That wasn’t true, of course. But it was the closest thing she did to any kind of art. Rachel, herself, preferred to be the decoration.

“Dear Charlotte,” Holly whispered. She held her hand out to me.

I motioned for her not to rise, as her lap was covered with a pink swath of cloth that she’d obviously been working on for days. Rachel hadn’t been joking when she’d said her mother had decided the baby would be a girl.

“You’re so kind to come. She just went back to sleep. She’s exhausted, poor thing.”

“How long was her labor?” I kept my voice low to match Holly’s, and sat down in the chair on the other side of Rachel’s bed in the sparse, blank room. She’d managed to get a private one, which didn’t surprise me, given Jack’s association with the hospital.

“Nearly six hours. But as soon as she woke up the first time, she said she wanted to go home. And that was even before she’d seen the baby!”
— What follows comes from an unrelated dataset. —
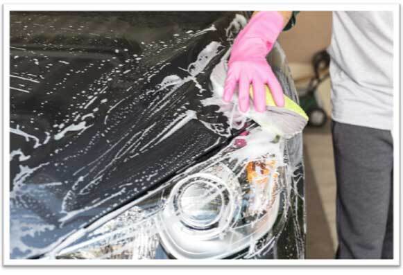 使用的中性清潔劑,清潔前、後檔風玻璃玻璃,可讓視野清楚,也可減少起霧。玻璃頂部也要擦拭。車輛外部的玻璃,先用一塊乾淨布,沾清水擰乾後,在玻璃窗擦一下,若有水痕也可用報紙來回擦拭。因為報紙有字墨不要碰到窗框、車身,再用清水擦拭一次。注意:車輛使用的清潔劑,種類繁多,請使用中性玻璃清潔劑和柔軟的乾布清潔,選用環保和食用級標示之清潔劑可避免小孩誤食 。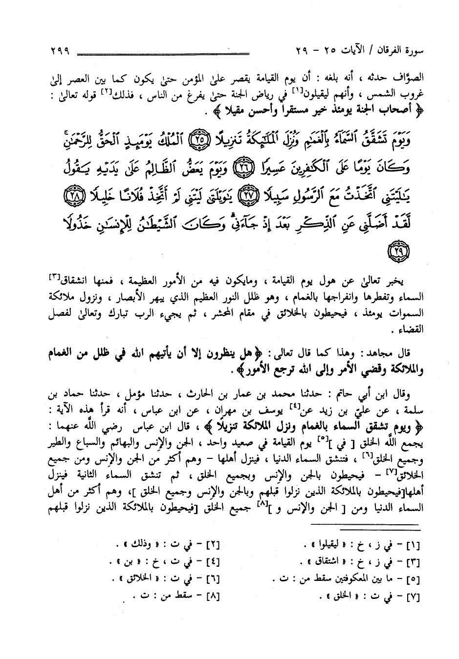 قَالَ مُجَاهِد وَهَذَا كَمَا قَالَ تَعَالَى : " هَلْ يَنْظُرُونَ إِلَّا أَنْ يَأْتِيهِمْ اللَّه فِي ظُلَل مِنْ الْغَمَام وَالْمَلَائِكَة " الْآيَة قَالَ اِبْن أَبِي حَاتِم حَدَّثَنَا مُحَمَّد بْن عَمَّار بْن الْحَارِث حَدَّثَنَا مُؤَمَّل حَدَّثَنَا حَمَّاد بْن سَلَمَة عَنْ عَلِيّ بْن زَيْد عَنْ يُوسُف بْن مِهْرَان عَنْ اِبْن عَبَّاس أَنَّهُ قَرَأَ هَذِهِ الْآيَة " وَيَوْم تَشَقَّقُ السَّمَاء بِالْغَمَامِ وَنُزِّلَ الْمَلَائِكَة تَنْزِيلًا" قَالَ اِبْن عَبَّاس رَضِيَ اللَّه عَنْهُمَا يَجْمَع اللَّه تَعَالَى الْخَلْق يَوْم الْقِيَامَة فِي صَعِيد وَاحِد الْجِنّ وَالْإِنْس وَالْبَهَائِم وَالسِّبَاع وَالطَّيْر وَجَمِيع الْخَلْق فَتَنْشَقّ السَّمَاء الدُّنْيَا فَيَنْزِل أَهْلهَا وَهُمْ أَكْثَر مِنْ الْجِنّ وَالْإِنْس وَمِنْ جَمِيع الْخَلْق فَيُحِيطُونَ بِالْجِنِّ وَالْإِنْس وَبِجَمِيعِ الْخَلْق ثُمَّ تَنْشَقّ السَّمَاء الثَّانِيَة فَيَنْزِل أَهْلهَا فَيُحِيطُونَ بِالْمَلَائِكَةِ الَّذِينَ نَزَلُوا قَبْلهمْ

I wondered if Holly knew how strange that sounded. From the smile on her face, I didn’t think so.

“Isn’t she adorable? Absolutely the perfect baby. I think she even looks a little like my own baby pictures. That will make Rachel’s grandmother so happy.”

Nodding, I looked at Rachel. Beneath the blankets her stomach was still distended, and her face was strained in sleep, her brow furrowed. I suspected they had given her morphine, although she didn’t look as though it was giving her any peace. I didn’t know when she would wake up again. I was happy that I’d seen the baby; but, sitting with Holly, I didn’t have much to say. She was watching me watch Rachel. Of course, she had to be thinking about Eva. She’d been terribly fond of her, sending her sweets and buying her small presents whenever she and her husband traveled.

How much did she know? Had Rachel told her I’d been drinking that afternoon? She’d been at the funeral, of course, and had seen my hysterics. Everyone had seen.

“It was so lovely of Press to come by first thing, though I thought for sure he would’ve just come with you. He’s so good to Rachel and Jack. Just like a brother.”

Trying not to act surprised—
but was I so surprised?
—I said that he probably had business in Charlottesville and decided to drop by.

“Oh, do you think so?” She sounded as though she might disagree. If women were said to come to resemble their mothers as they aged, Rachel would continue to be stunning until the day she died. If anything, Holly Webb, with her striking brown eyes, full, well-shaped brows, and neat figure, was even more beautiful than her daughter. She arranged a demure blue cashmere cardigan over her thin shoulders.

“She never eats,” Rachel had told me before I met Holly for the first time. “Watch her. She only pretends to, talks all through dinner, then has the housekeeper clear the plates away before anyone notices.” And she’d been exactly right. I’d watched Holly do the same thing at every meal I ate at their house.

“Well, Press certainly came prepared, anyway.” Holly, her hands busy, nodded to the shelf holding two bouquets of flowers—one quite compact and a little dull with yellow carnations and a lot of greenery, the other tall, with lilies, birds of paradise, and thick purple stock. “We both had Delmonico, at The Grange’s florist, out of bed at the crack of dawn. Though they certainly are different in style, aren’t they?” I wasn’t sure what her smug grin implied.

It wasn’t hard to guess which arrangement was from Press.

“Press does tend to go over the top sometimes.” I tried to keep my tone light, but it was difficult to hide my embarrassment.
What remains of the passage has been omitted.